» **WHAT YOU ARE ASKED TO DO**
Take the entries below and reproduce exactly the portion that begins at the line containing "[ユーエスユーズド] メキシカン フラワー刺繍ワンピース レッド" and ends at the line containing "Convertible Entertaining Coffee", keeping both ends, dropping pictures, and adding nothing else.

(Extracted data entries)

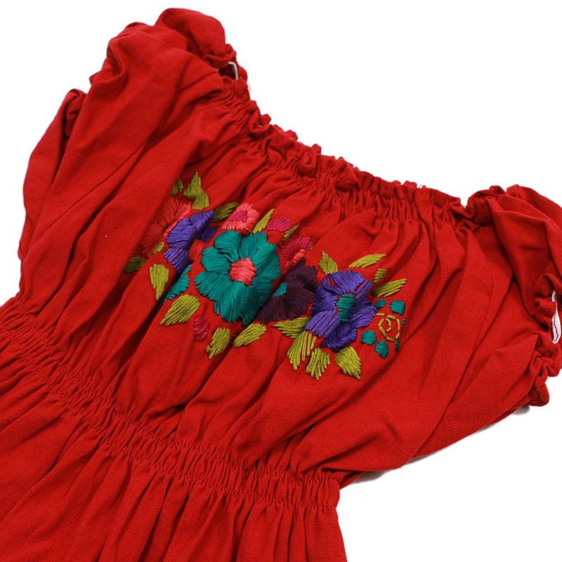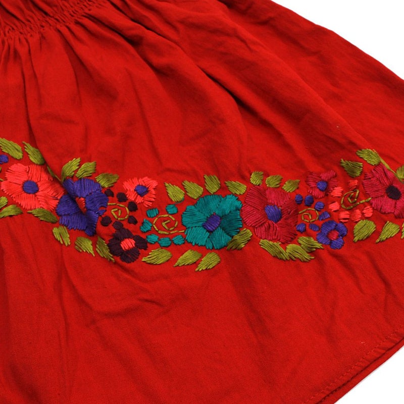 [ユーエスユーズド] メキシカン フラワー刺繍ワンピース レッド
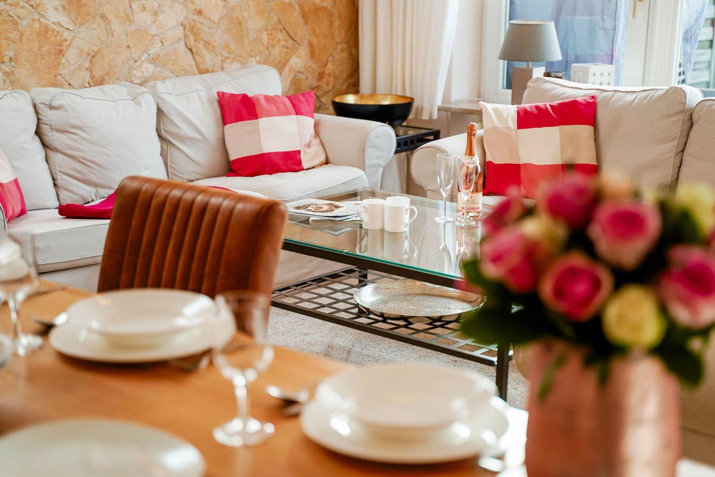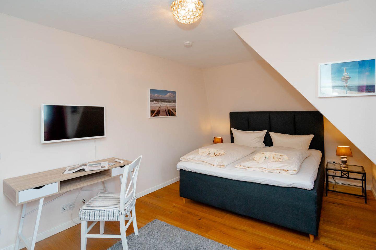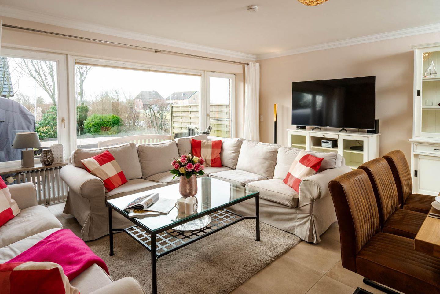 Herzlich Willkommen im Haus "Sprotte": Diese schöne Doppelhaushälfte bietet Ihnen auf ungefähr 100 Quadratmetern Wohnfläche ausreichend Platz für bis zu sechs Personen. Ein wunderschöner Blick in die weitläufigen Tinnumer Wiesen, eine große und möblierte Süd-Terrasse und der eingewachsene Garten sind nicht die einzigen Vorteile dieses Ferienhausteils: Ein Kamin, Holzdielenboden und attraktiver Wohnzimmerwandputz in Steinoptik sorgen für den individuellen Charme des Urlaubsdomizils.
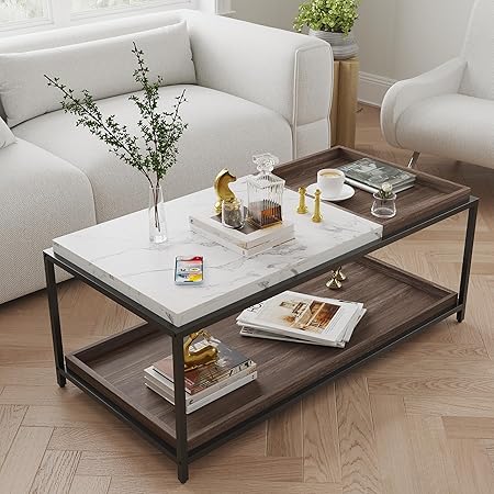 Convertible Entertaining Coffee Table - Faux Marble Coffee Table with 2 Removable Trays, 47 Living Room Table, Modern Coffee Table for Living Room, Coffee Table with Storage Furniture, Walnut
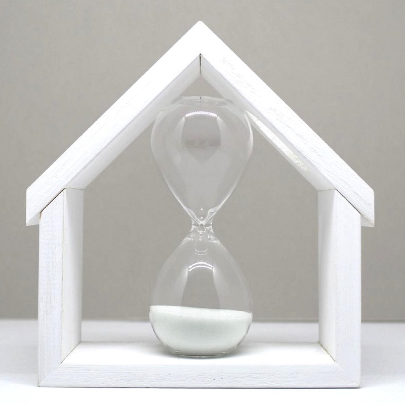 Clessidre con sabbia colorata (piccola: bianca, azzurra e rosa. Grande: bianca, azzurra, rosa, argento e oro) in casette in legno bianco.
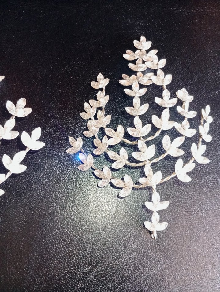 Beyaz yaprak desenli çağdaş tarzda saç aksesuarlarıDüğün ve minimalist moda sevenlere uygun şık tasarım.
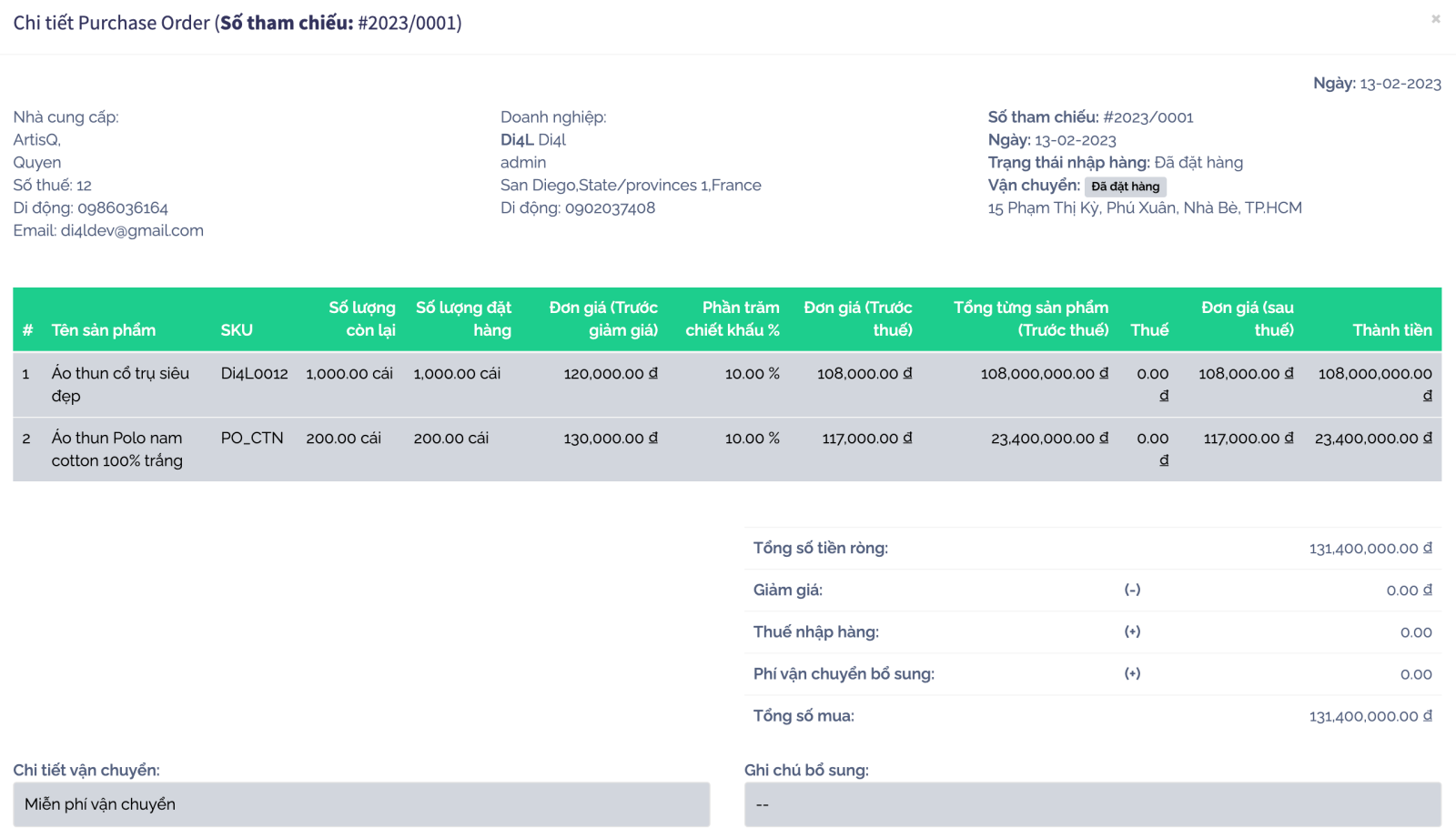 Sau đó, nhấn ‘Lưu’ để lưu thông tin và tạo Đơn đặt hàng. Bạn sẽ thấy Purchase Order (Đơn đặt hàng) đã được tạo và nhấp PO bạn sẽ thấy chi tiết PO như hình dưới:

---

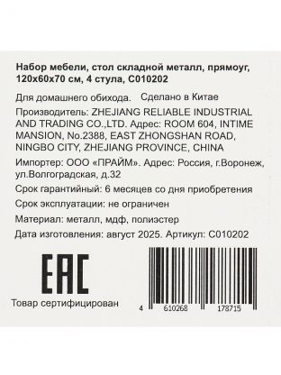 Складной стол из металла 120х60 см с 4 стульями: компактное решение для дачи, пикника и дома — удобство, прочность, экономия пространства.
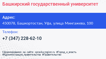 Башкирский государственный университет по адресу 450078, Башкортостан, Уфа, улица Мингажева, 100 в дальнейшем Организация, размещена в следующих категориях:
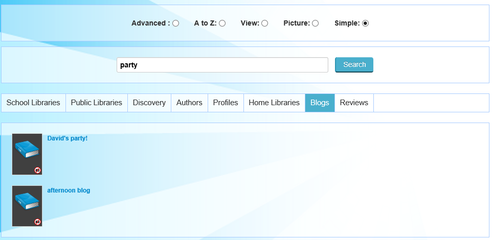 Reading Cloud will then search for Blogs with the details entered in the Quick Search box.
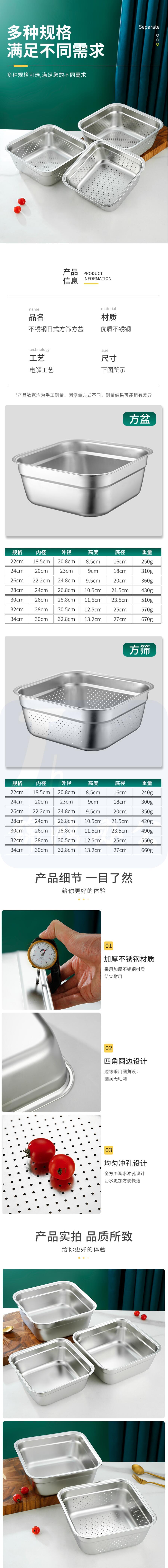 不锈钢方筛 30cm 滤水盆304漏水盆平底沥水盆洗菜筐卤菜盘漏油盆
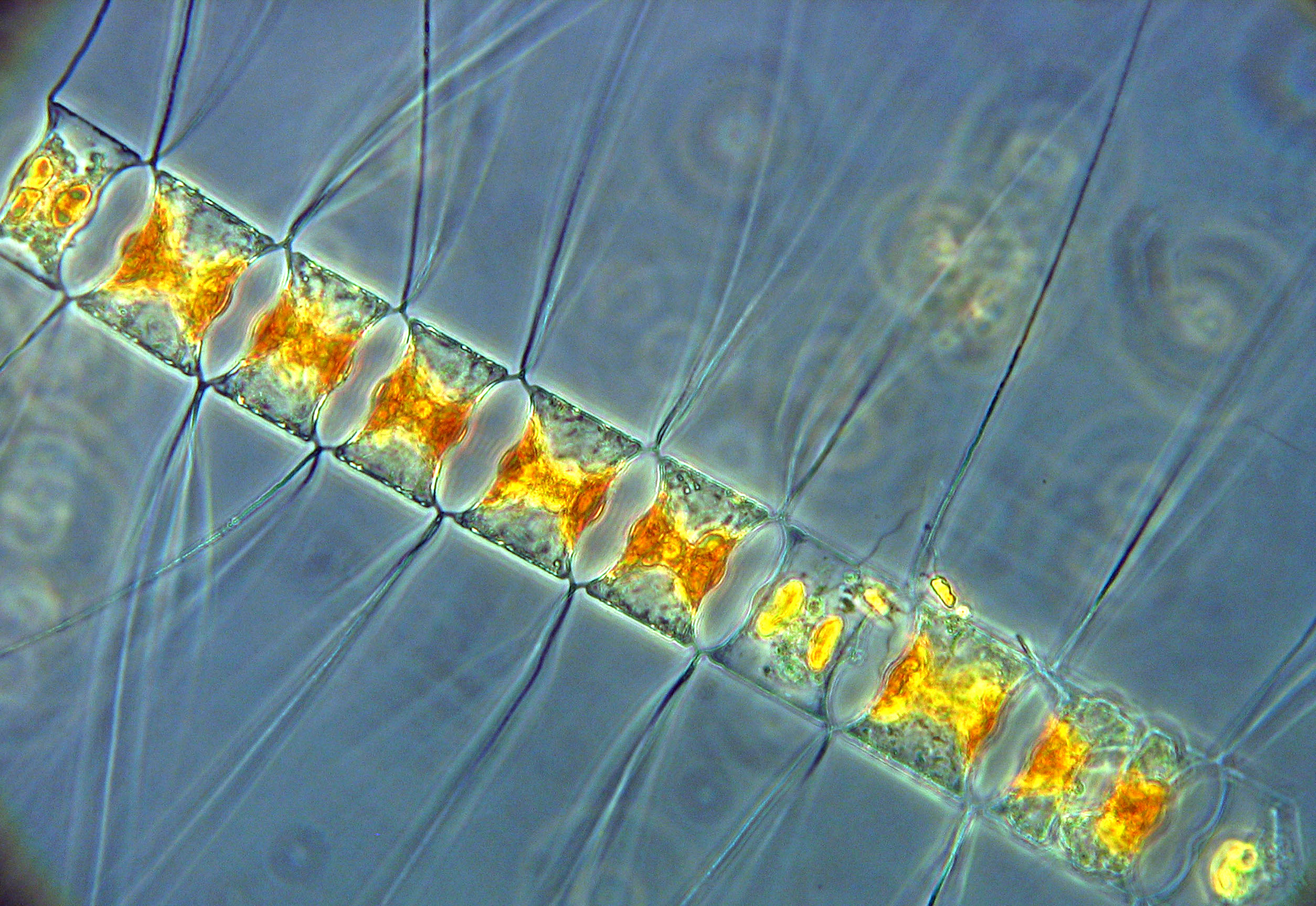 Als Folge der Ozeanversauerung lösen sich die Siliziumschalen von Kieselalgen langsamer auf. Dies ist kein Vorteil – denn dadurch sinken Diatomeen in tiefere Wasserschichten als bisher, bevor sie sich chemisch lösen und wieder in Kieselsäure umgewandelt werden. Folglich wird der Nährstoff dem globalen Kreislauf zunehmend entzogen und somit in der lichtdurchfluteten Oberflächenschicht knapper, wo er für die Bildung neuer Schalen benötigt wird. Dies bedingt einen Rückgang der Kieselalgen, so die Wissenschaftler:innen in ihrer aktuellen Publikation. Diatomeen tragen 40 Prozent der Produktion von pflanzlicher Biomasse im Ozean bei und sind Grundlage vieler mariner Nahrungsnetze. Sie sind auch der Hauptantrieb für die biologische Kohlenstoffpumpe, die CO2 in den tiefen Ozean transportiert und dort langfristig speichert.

» **RESULT FOR THIS EXERCISE**
 [ユーエスユーズド] メキシカン フラワー刺繍ワンピース レッド
 Herzlich Willkommen im Haus "Sprotte": Diese schöne Doppelhaushälfte bietet Ihnen auf ungefähr 100 Quadratmetern Wohnfläche ausreichend Platz für bis zu sechs Personen. Ein wunderschöner Blick in die weitläufigen Tinnumer Wiesen, eine große und möblierte Süd-Terrasse und der eingewachsene Garten sind nicht die einzigen Vorteile dieses Ferienhausteils: Ein Kamin, Holzdielenboden und attraktiver Wohnzimmerwandputz in Steinoptik sorgen für den individuellen Charme des Urlaubsdomizils.
 Convertible Entertaining Coffee Table - Faux Marble Coffee Table with 2 Removable Trays, 47 Living Room Table, Modern Coffee Table for Living Room, Coffee Table with Storage Furniture, Walnut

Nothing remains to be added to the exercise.